The data Block Start

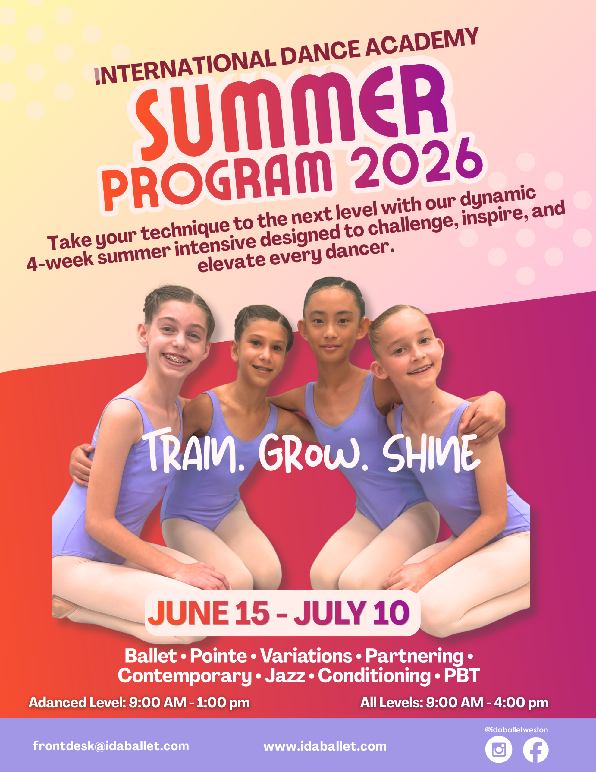International Dance Academy (IDA) offers the Royal Academy of Dance education and training program in a safe and family-friendly environment. Each season includes two exceptional theatrical productions annually, including the all-time favorite, the Nutcracker.
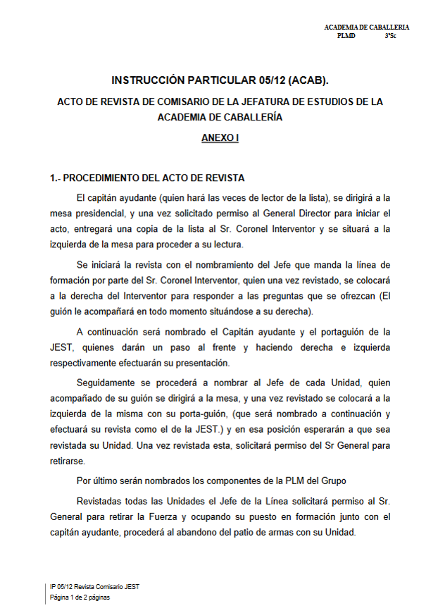 el Anexo I IP 05-12 REVISTA DE COMISARIO-INSTRUCCIÓN PARTICULAR 05/12 (ACAB) que se reproduce a continuación
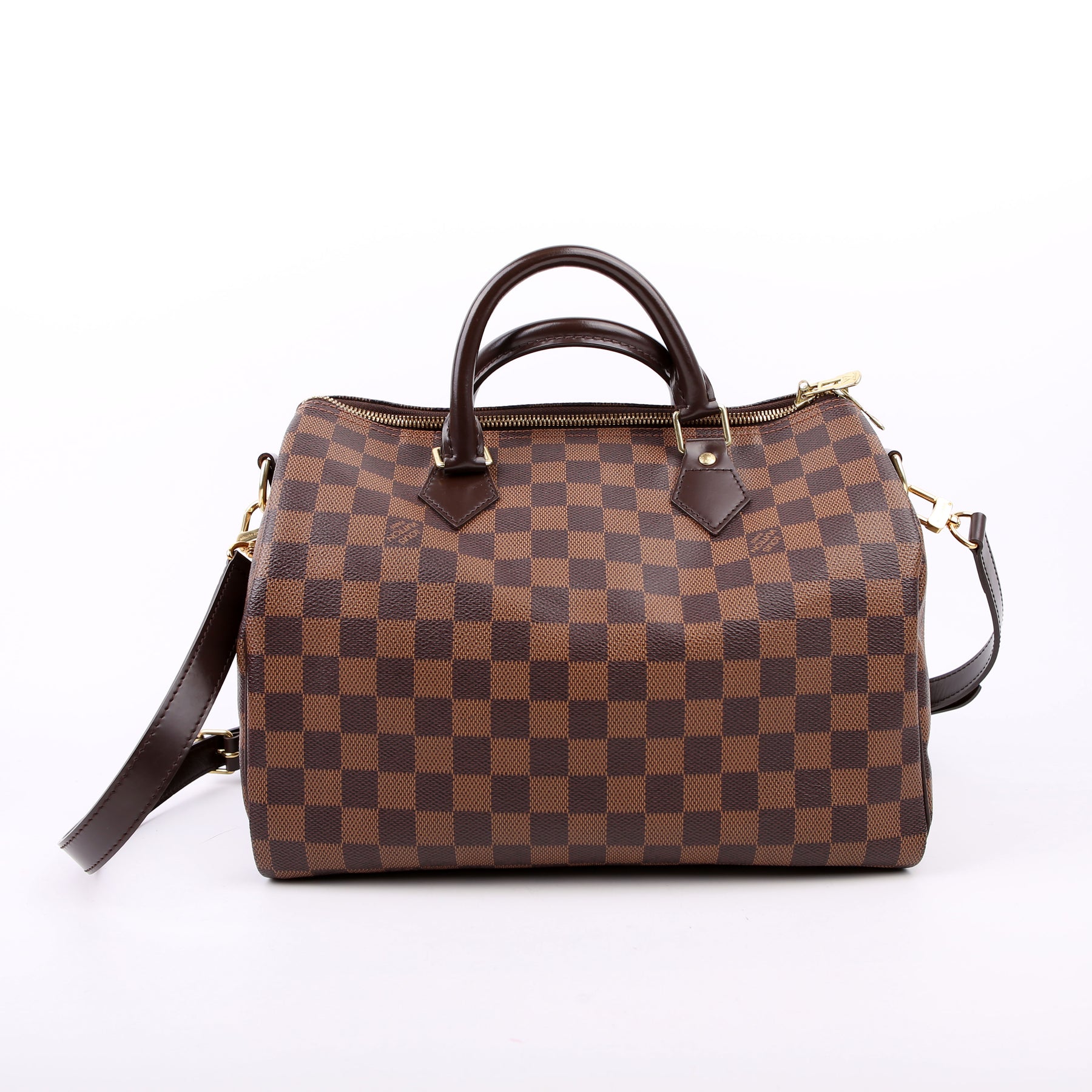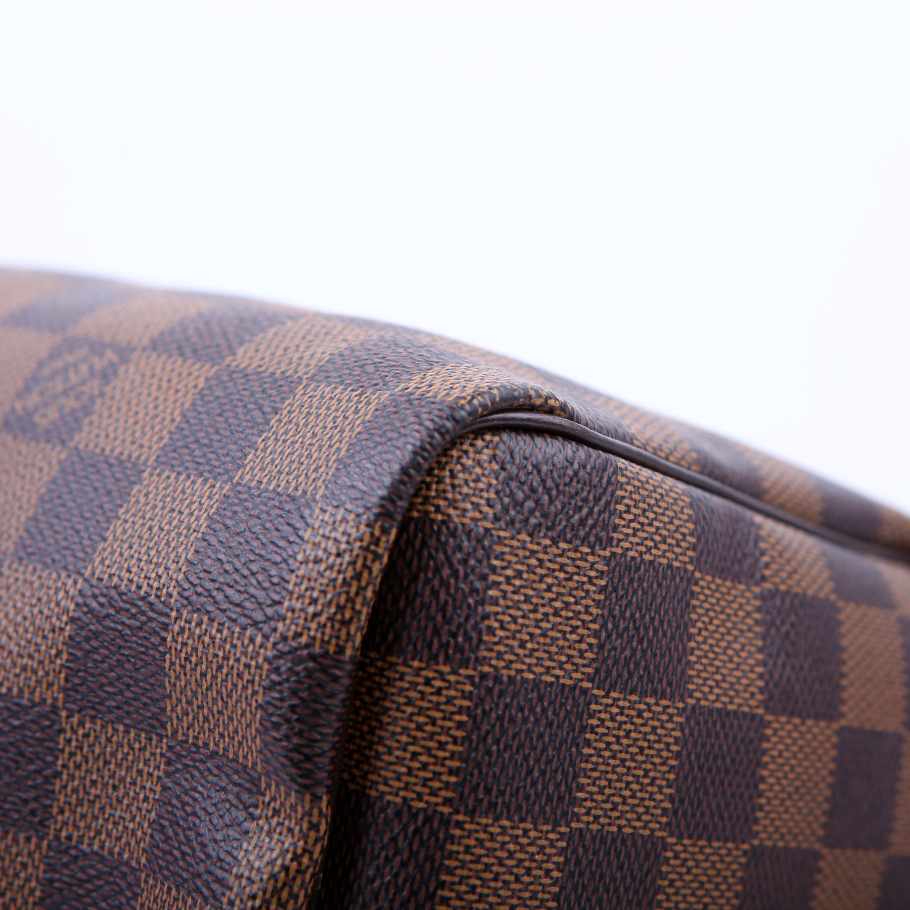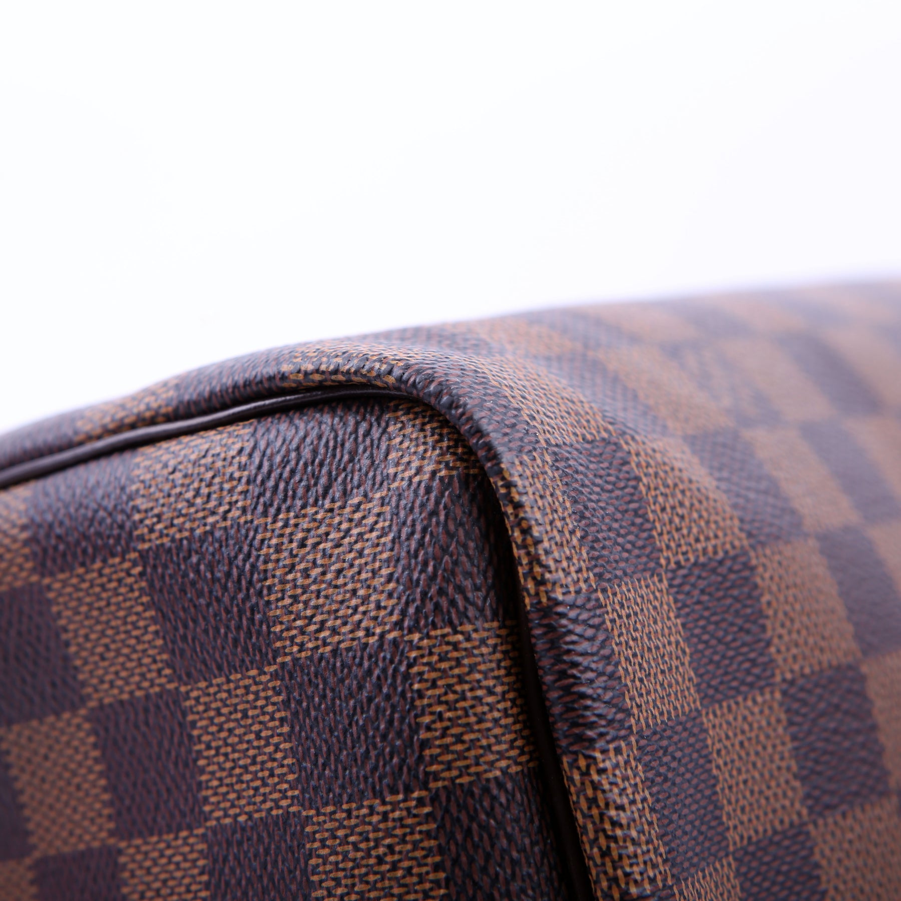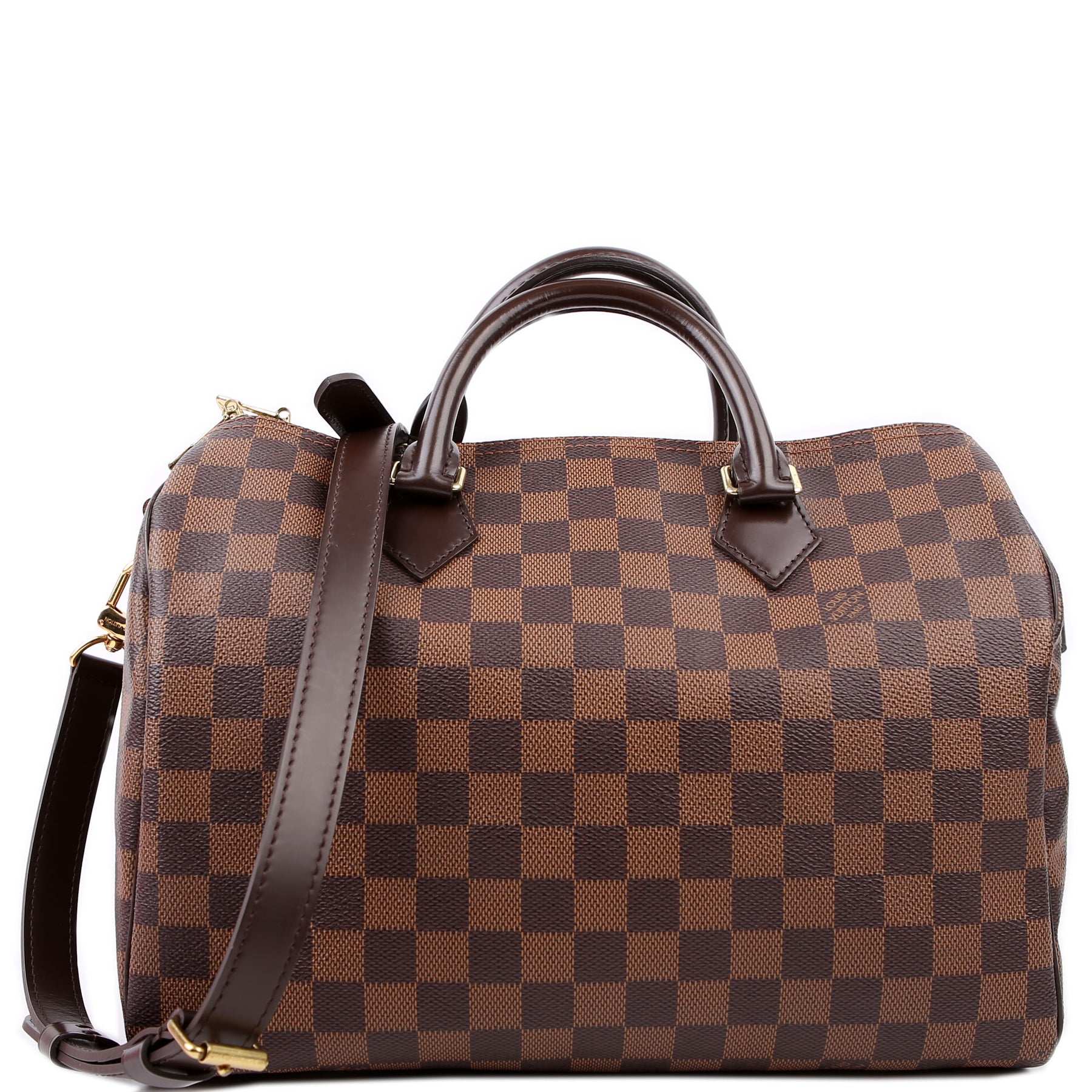 This pre-owned Louis Vuitton Speedy 30 Bandouliere is guaranteed 100% authentic. The exterior is in the classic Louis Vuitton Damier Ebene Coated Canvas.
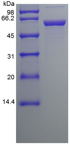 | Molecular Mass : | Approximately 56.6 kDa, a single non-glycosylated polypeptide chain containing 502 amino acids. (MRGSGSHHHHHH-PDI). |

The data Block End

*Instructions for the task:*
An acceptable answer consists of the lines above from the one holding "This pre-owned Louis" to the end of the data, repeated exactly and containing no pictures.

*Solution to this exercise:*
 This pre-owned Louis Vuitton Speedy 30 Bandouliere is guaranteed 100% authentic. The exterior is in the classic Louis Vuitton Damier Ebene Coated Canvas.
 | Molecular Mass : | Approximately 56.6 kDa, a single non-glycosylated polypeptide chain containing 502 amino acids. (MRGSGSHHHHHH-PDI). |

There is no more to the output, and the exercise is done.